- 650ml (2 ½ cups) milk
- 2ml (¼ teaspoon) ground nutmeg
- 85g butter, plus extra for greasing
- 50g (½ cup) cake wheat flour
- 250ml (1 cup) thick cream
- salt and freshly ground black pepper
- 100g (1 cup) Parmesan cheese, grated
- 1 egg, beaten
- 500g crabmeat sticks
- 300g calamari rings
- 2 onions, sliced
- 12 sheets FATTI’S & MONI’S SPINACH LASAGNA SHEETS
- 400g hake steaks cut into chunks
- Pour milk into a medium sized saucepan, add nutmeg, 50g of butter and flour. Heat while whisking or stirring until thickened. Remove from heat and stir in cream, season generously.
- Beat in half the Parmesan and the egg into the sauce. Once cool, stir in the crabmeat and pieces of hake.
- Melt the remaining butter in a large frying pan, add onions, sauté for about 10 minutes, stirring frequently, until softened and golden.

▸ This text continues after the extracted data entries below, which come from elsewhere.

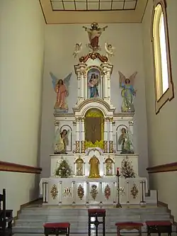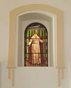 The semicircular entablature rests on the capitals, made up of the architrave, frieze, and cornices. On its east side is a semi-dome decorated with high relief ornaments.[8] In the centre is a shield with the initials "I.H.S.", a monogram of the name of Jesus Christ. The dome is topped with a cross. At the bottom of the semi-dome are five medallions representing the titular saint of the parish, Aloysius Gonzaga, and the Four Evangelists. These medallions are placed on a background of Venetian mosaic.
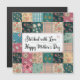 This vibrant design showcases a charming quilt pattern design, perfect for celebrating Mother's Day. The patchwork is composed of a variety of colorful floral fabrics, creating a cheerful and heartwarming esthetic. In the center, a handwritten message reads "Stitched with Love - Happy Mother's Day," adding a personal touch to the design. This image evokes feelings of warmth, love, and appreciation.
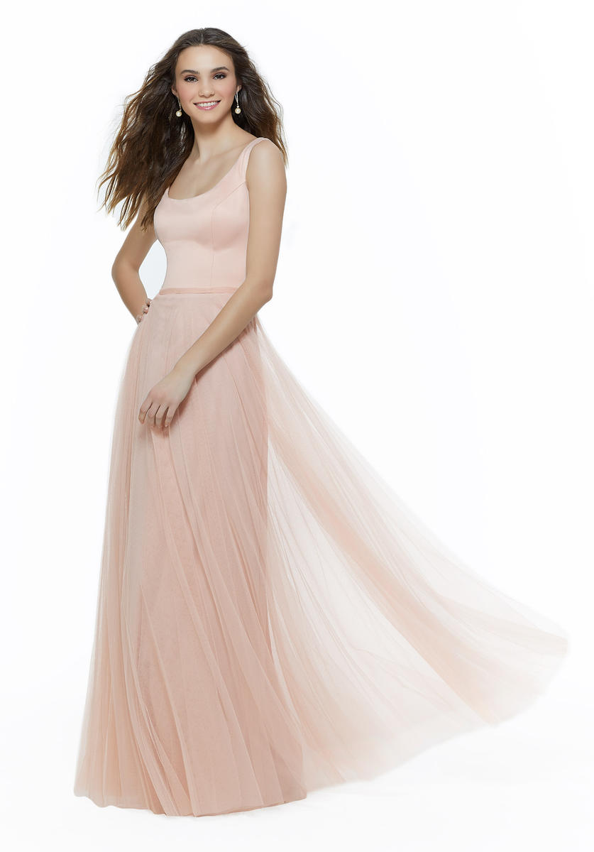 Satin and English Net bridesmaid dress featuring a scoop neck and scoop back satin bodice with natural waist. A-line skirt with English Net overlay. View Satin swatch card for color options.
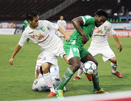 Hàng thủ XSKT Cần Thơ (áo xanh) vất vả chống đỡ Gonzalo.
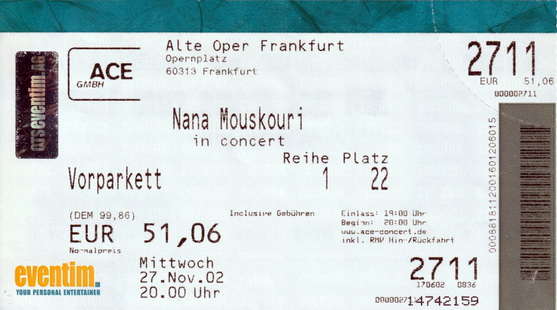 | 27.11.2002 | Frankfurt | Alte Oper | D | Ticket | O | |||
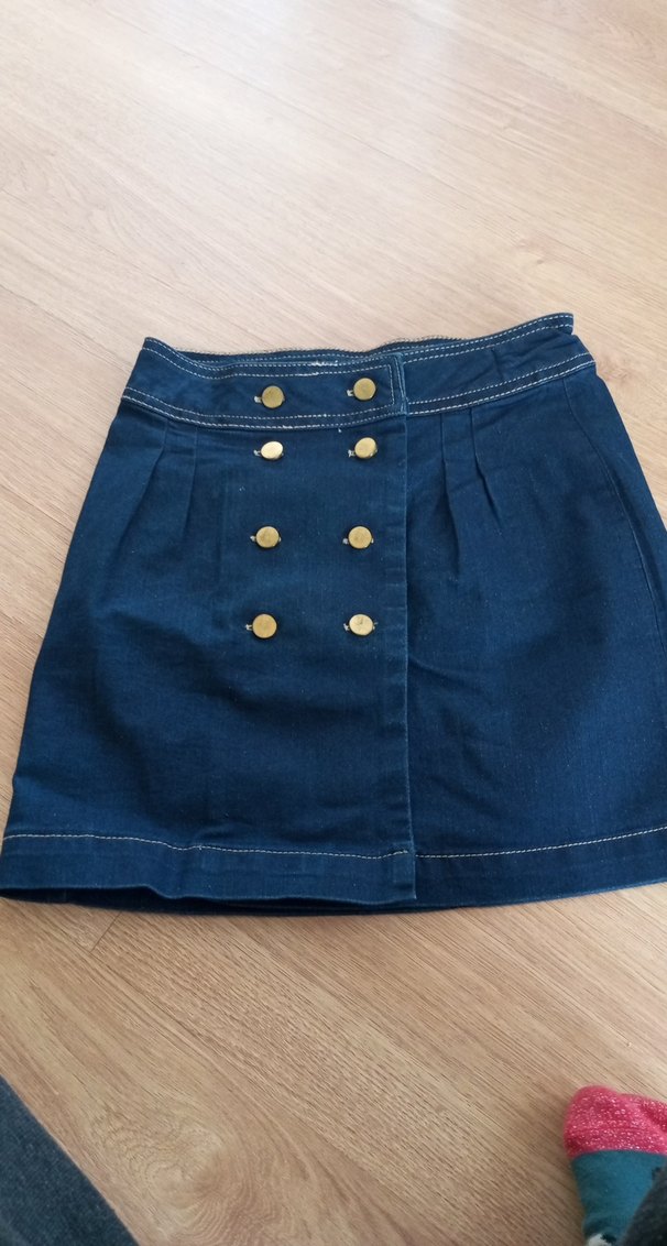 Düğmeli Koyu Mavi Mini Denim Etek
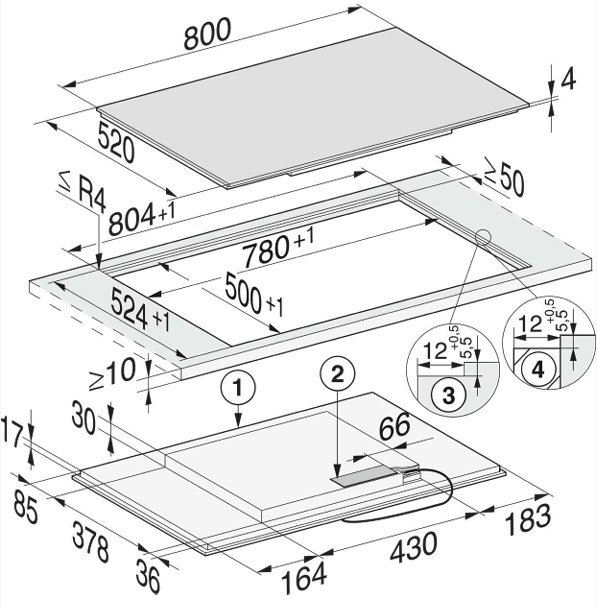 Miele KM 7474 FL 125 edition - схема встраивания с размерами к варочной панели на разных языках на Hausdorf
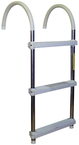 Ideal for swimming, skiing and emergencies. Floats. 15" wide. Hooks fold flat for easy storage. Vinyl covered hooks. All aluminum adjsutable standoffs for correct fit and fold down when not in use. Comfortable and sturdy white traction molded plastic steps.
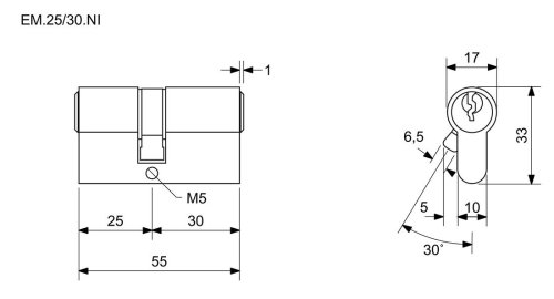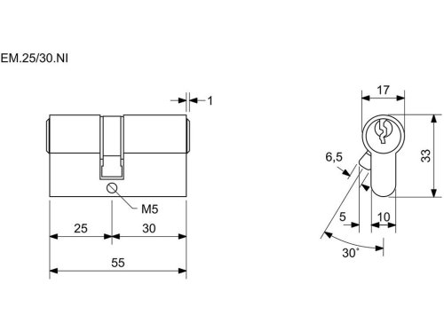 Vložka stavební EURO MINUS 25+30, 3 klíče, Ni, RICHTER.

- Lightly grease a rectangular ovenproof dish, spoon half of the fried onions into the oven dish, spread out. Top with lasagna sheets, cover with the crab and hake mixture spread evenly.
- Top with remaining lasagna sheets, cover with the remaining onions followed by the cheese and fish sauce, Sprinkle with the remaining Parmesan cheese.